— What is required —
Scan the records below for the line with "Achat Meilleur Femmes" and the line with "まとめてつけても、左右に分け", and retype that range exactly, both ends included, pictures excepted.

Recorded data
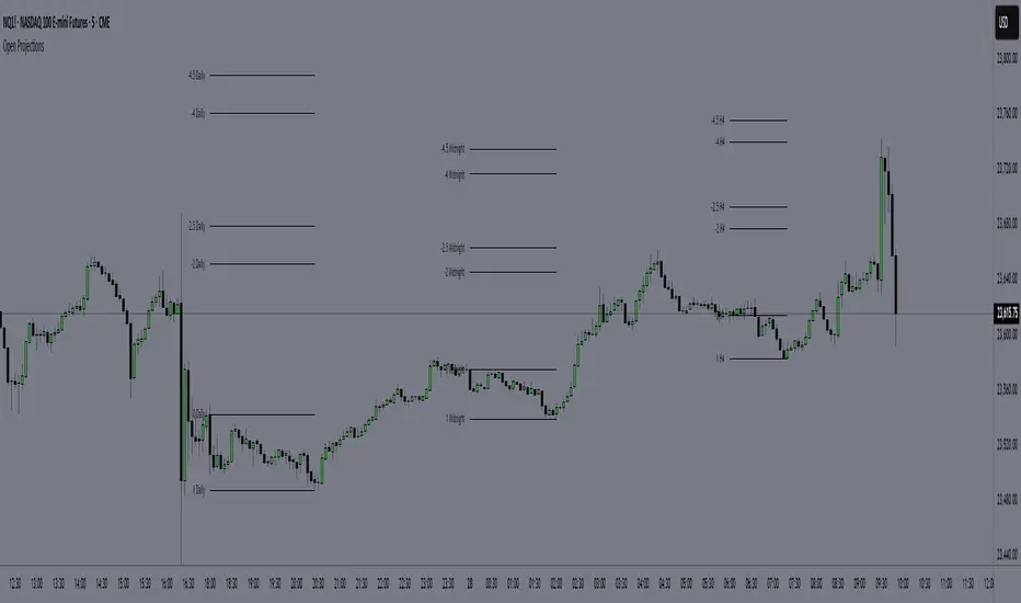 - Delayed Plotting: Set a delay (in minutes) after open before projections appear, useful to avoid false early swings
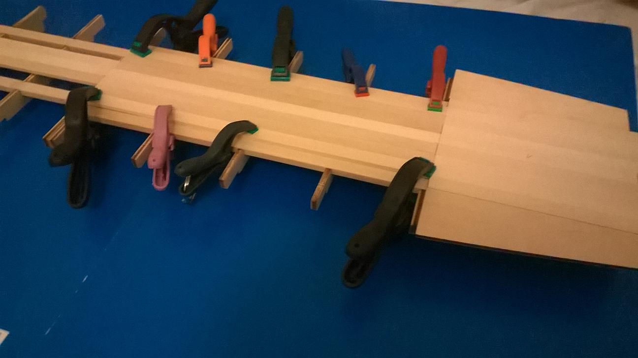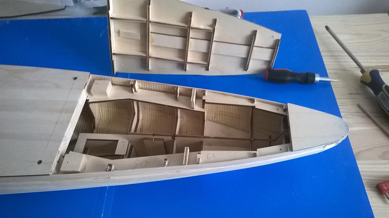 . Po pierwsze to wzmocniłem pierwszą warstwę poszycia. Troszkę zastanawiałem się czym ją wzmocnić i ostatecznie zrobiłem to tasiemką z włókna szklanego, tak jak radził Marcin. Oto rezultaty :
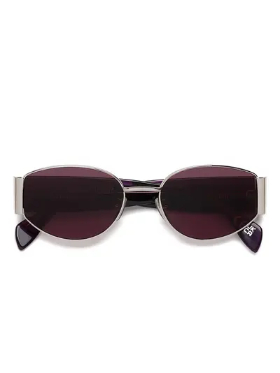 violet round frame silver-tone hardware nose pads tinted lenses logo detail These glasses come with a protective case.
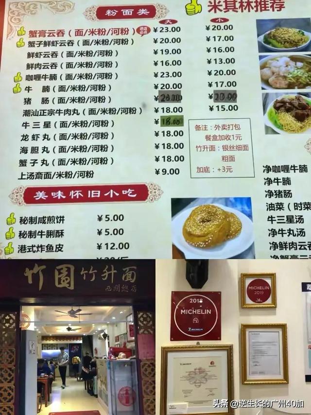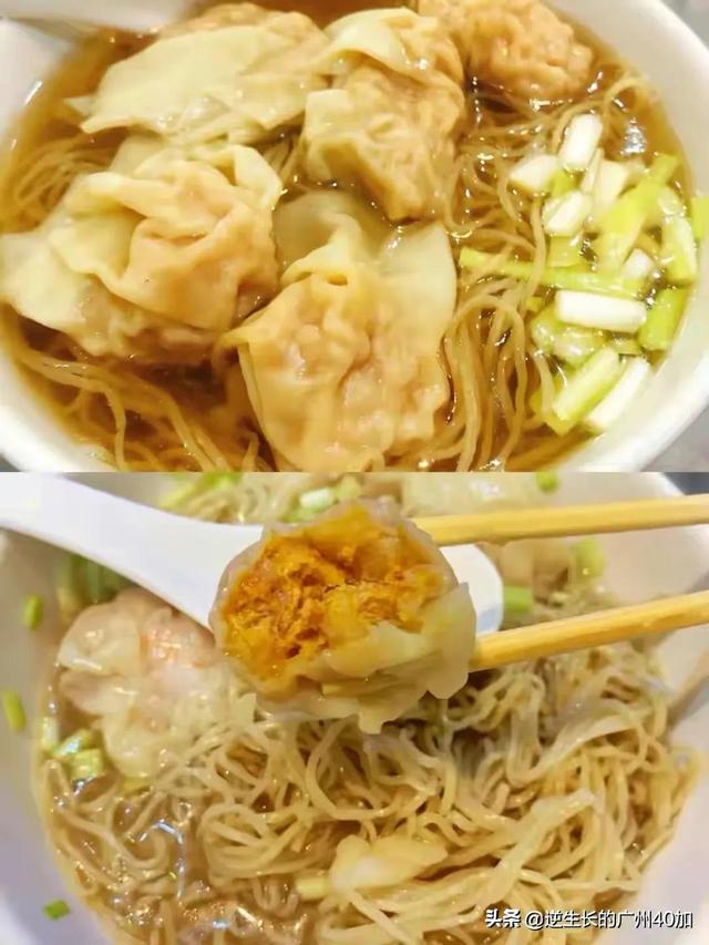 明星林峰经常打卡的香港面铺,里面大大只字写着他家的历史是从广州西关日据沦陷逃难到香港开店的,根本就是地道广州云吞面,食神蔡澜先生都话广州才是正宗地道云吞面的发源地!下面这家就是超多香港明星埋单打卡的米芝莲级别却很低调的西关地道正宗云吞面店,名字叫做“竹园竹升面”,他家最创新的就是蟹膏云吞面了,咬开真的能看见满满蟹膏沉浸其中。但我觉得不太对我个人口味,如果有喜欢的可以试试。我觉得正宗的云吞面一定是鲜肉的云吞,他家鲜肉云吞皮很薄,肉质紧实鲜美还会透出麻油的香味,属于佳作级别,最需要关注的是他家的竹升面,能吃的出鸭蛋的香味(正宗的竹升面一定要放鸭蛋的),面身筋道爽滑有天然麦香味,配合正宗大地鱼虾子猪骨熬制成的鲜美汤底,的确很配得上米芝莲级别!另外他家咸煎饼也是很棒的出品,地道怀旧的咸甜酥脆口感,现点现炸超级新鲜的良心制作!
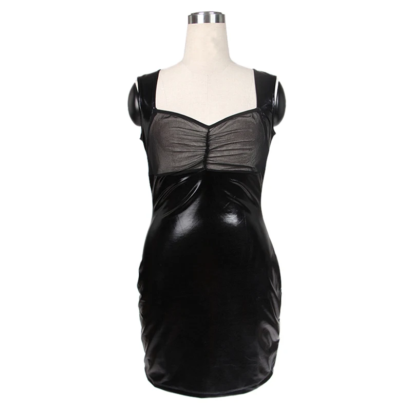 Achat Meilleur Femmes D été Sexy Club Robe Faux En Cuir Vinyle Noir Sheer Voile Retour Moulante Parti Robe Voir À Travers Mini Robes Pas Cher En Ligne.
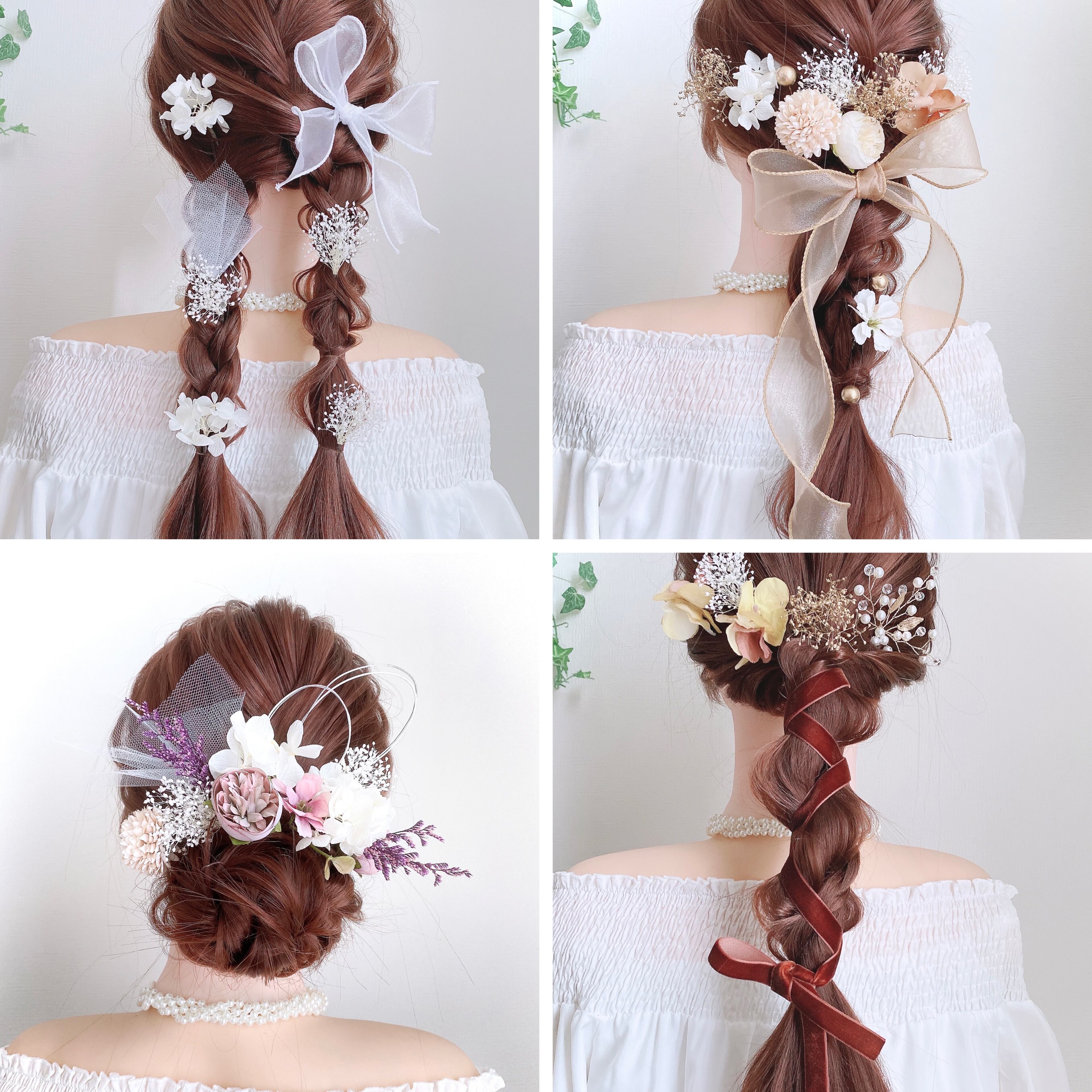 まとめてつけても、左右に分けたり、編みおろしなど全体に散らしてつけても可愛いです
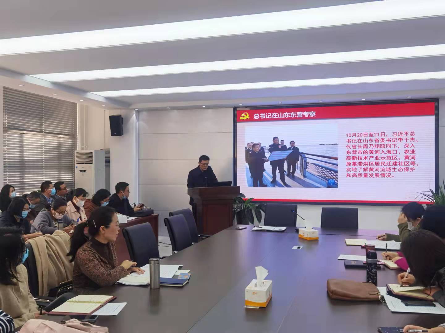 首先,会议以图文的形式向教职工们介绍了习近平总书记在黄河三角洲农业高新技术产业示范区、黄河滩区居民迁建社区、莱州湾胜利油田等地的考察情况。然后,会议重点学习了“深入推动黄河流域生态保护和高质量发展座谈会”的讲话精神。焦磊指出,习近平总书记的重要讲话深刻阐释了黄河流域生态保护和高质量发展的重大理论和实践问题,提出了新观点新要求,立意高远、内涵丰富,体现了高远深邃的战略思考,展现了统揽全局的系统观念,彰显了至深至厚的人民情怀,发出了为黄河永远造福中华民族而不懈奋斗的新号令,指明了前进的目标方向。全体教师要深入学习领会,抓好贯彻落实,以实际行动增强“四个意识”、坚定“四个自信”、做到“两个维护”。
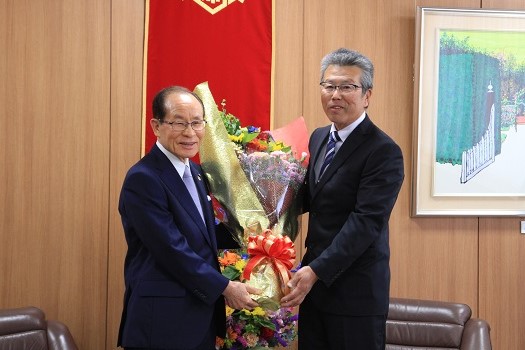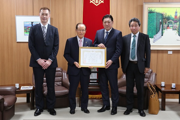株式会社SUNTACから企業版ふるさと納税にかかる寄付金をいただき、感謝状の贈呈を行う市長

— Result of this task —
 Achat Meilleur Femmes D été Sexy Club Robe Faux En Cuir Vinyle Noir Sheer Voile Retour Moulante Parti Robe Voir À Travers Mini Robes Pas Cher En Ligne.
 まとめてつけても、左右に分けたり、編みおろしなど全体に散らしてつけても可愛いです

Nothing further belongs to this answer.